GIBRALTAR’S top tourist attraction – its emblematic Barbary macaques – have been demoted to the status of ‘pests’ in a government TV advert.
Harsh but true.
The cute cartoon commercial sponsored by Gibraltar’s Department of the Environment and premiered on GBC TV this month urges people to use new monkey-proof bins in a bid to keep marauding macaques out of town.
While acknowledging that the monkeys are ‘an asset to Gibraltar while they remain in their natural habitat’ the commentary says: “If people don’t use these facilities and leave the rubbish out in the open this amounts to inviting macaques to a banquet right on our doorstep. We must contribute to solving the pest problem by disposing of our rubbish correctly.”
One problem… Nothing is monkey-proof for long to a clever Barbary macaque. Gibraltar’s enterprising primates have even learned how to unzip backpacks!
And there’s another snag. The macaques have a direct path into town along the stone wall running from the Upper Rock Nature Reserve to the Trafalgar Cemetery (much to the chagrin of Nelson the cemetery cat). From there, they can embark on a foraging free-for all that’s gone beyond poking around in dustbins.
My boyfriend Dave is doing up a house opposite the cemetery, where daylight-monkey-robbery is a regular occurrence when windows are left open. Leave your packed lunch out on the kitchen worktop and pretty soon there’ll be a monkey perched on the window ledge, smiling in at you with your banana in its teeth.
Turn your back on your shopping and before you can say “monkey nuts” there’ll be a macaque with its paw stuck in your tube of Pringles. Even paint sample cans are stolen and inspected for edibles by these fearless furballs.
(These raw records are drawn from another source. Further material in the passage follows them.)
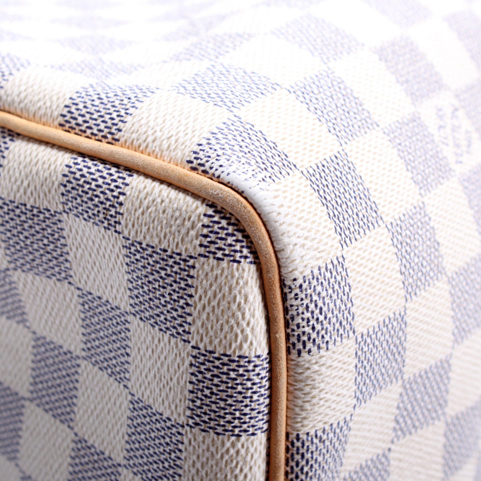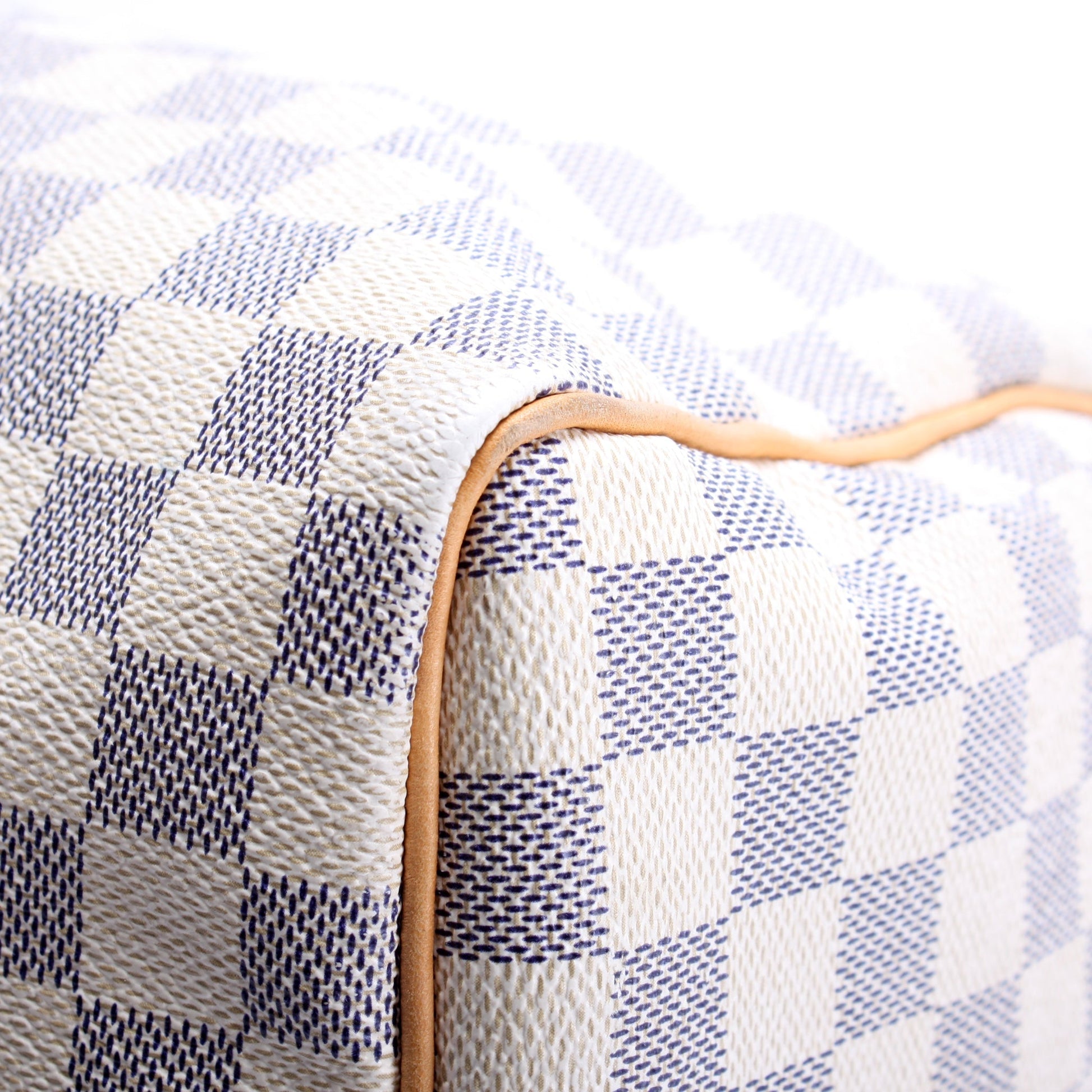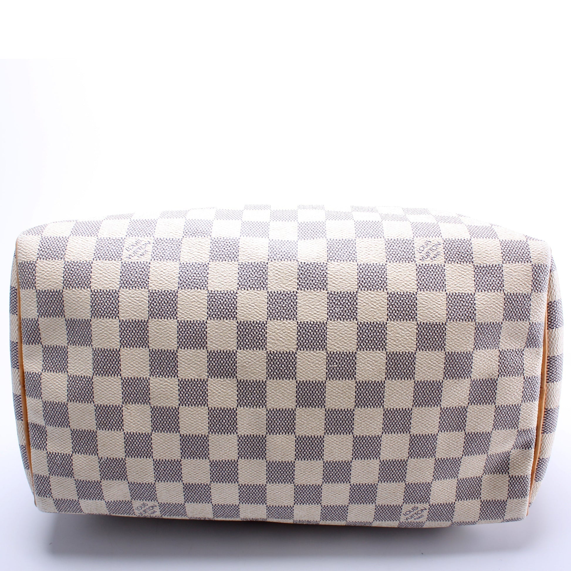 This Louis Vuitton Speedy 30is eye catching bag. The exterior is in the classic Damier Azur coated canvas.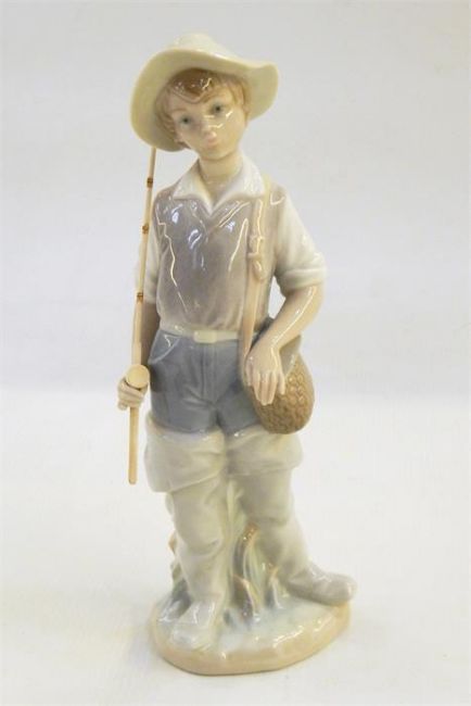 Lladro figure of medieval style with fencing foil and pile of books, 30cm high (damaged) and a Lladro figure of a fisher boy, 22cm high (2)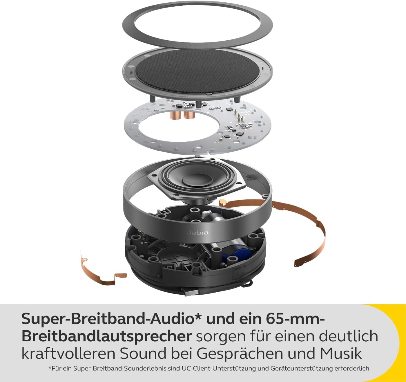 • МАКСИМАЛНА ПРОИЗВОДИТЕЛНОСТ 50-милиметровите широколентови високоговорители и широколентовият звук осигуряват прецизно качество на звука. Пълният дуплексен звук позволява естествено протичане на разговора.
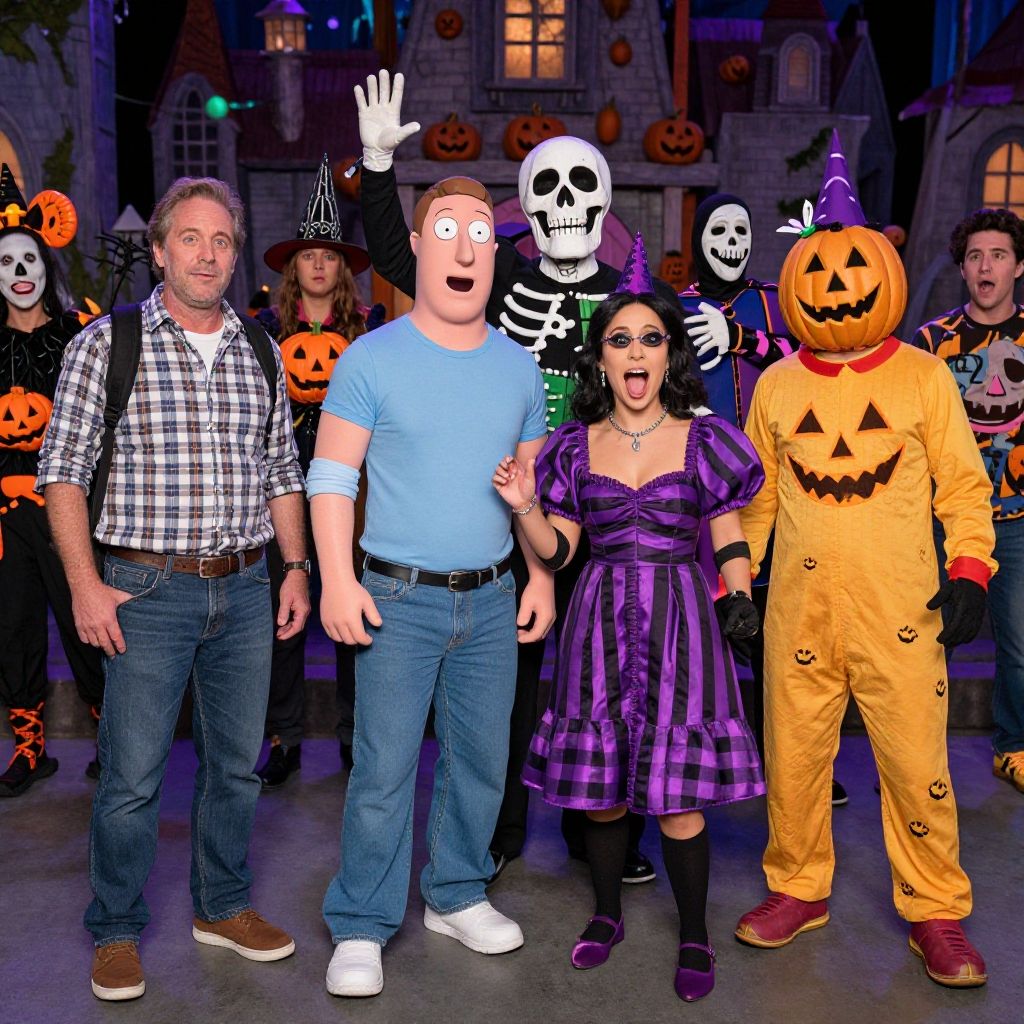 Group photo at a Halloween costume contest, highlighting the duo in Peter and Lois Griffin Halloween costumes, detailed clothing and props mimicking Family Guy characters, colorful and playful setting with haunted house decorations and spooky lights, fun and energetic vibe
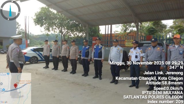 Cilegon - Panit Lantas Polsek Ciwandan IPTU Deni Mulyana Bersama Personil Gabungan Polres Cilegon Polda Banten melaksanakan Kegiatan KRYD Dan Himbauan SK Gubernur Dan monitoring stokfile pasir Didaerah hukum Polsek Ciwandan, Minggu (30/11/2025).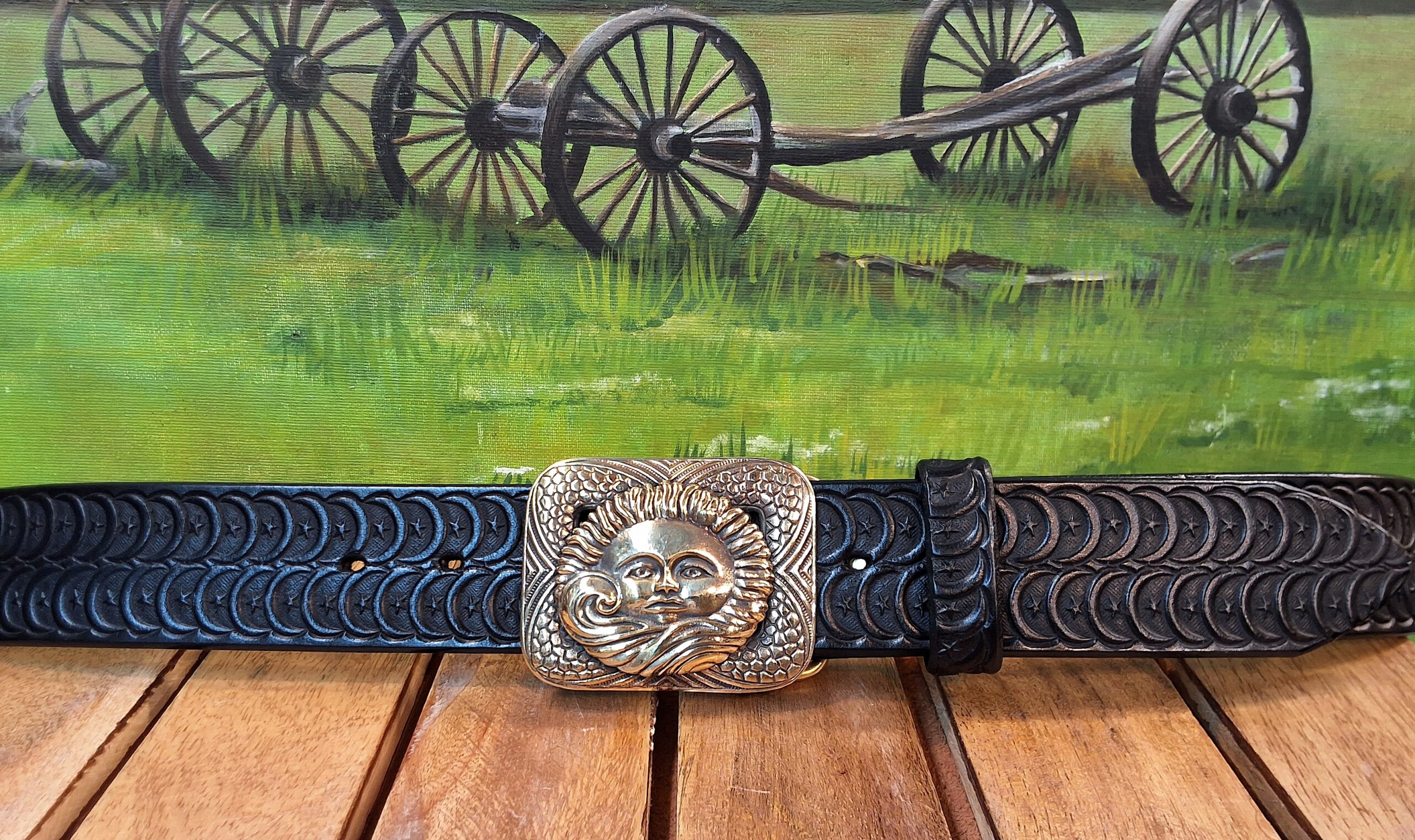 Our unique handcrafted Two Moons Embossed Leather Belt is Artisan fine quality bench crafted and handmade in up to a 1-1/2″ premium full grain natural veg tanned Spanish Splenda Bridle leather.

And be careful when waiting for a bus in these parts. Like the man on the bench Dave spotted through the window who hadn’t noticed the fellow traveller sitting at the other end until he turned to speak to him. When he realised he was about to address not another human being but a distant cousin, searching its fur for fleas, he was gone faster than last week’s pay packet!
Mind you, the smarter monkeys don’t bother with buses. They hitch a lift into the town centre on car rooftops!
Things have come to a pretty pass when you can’t enjoy traditional cream tea on the Wisteria Terrace of the Rock Hotel without monkeys muscling in. Recently, two burly males staged a flank attack on my scone and jam, and my tea and I had to be rescued by a heroic waiter.
As Gibraltar’s Health and Environment Minister Dr John Cortes rightly says, “It’s not an over-population problem or even a monkey problem – it’s a human problem.”
No wonder he has nightmares about them. He’s caught between a Rock and a hard place trying to protect people from Europe’s only free living primate and vice-versa.
Alas, like their human relatives, the monkeys want more: the Freedom of the City. And, for the moment, it looks like they’re winning.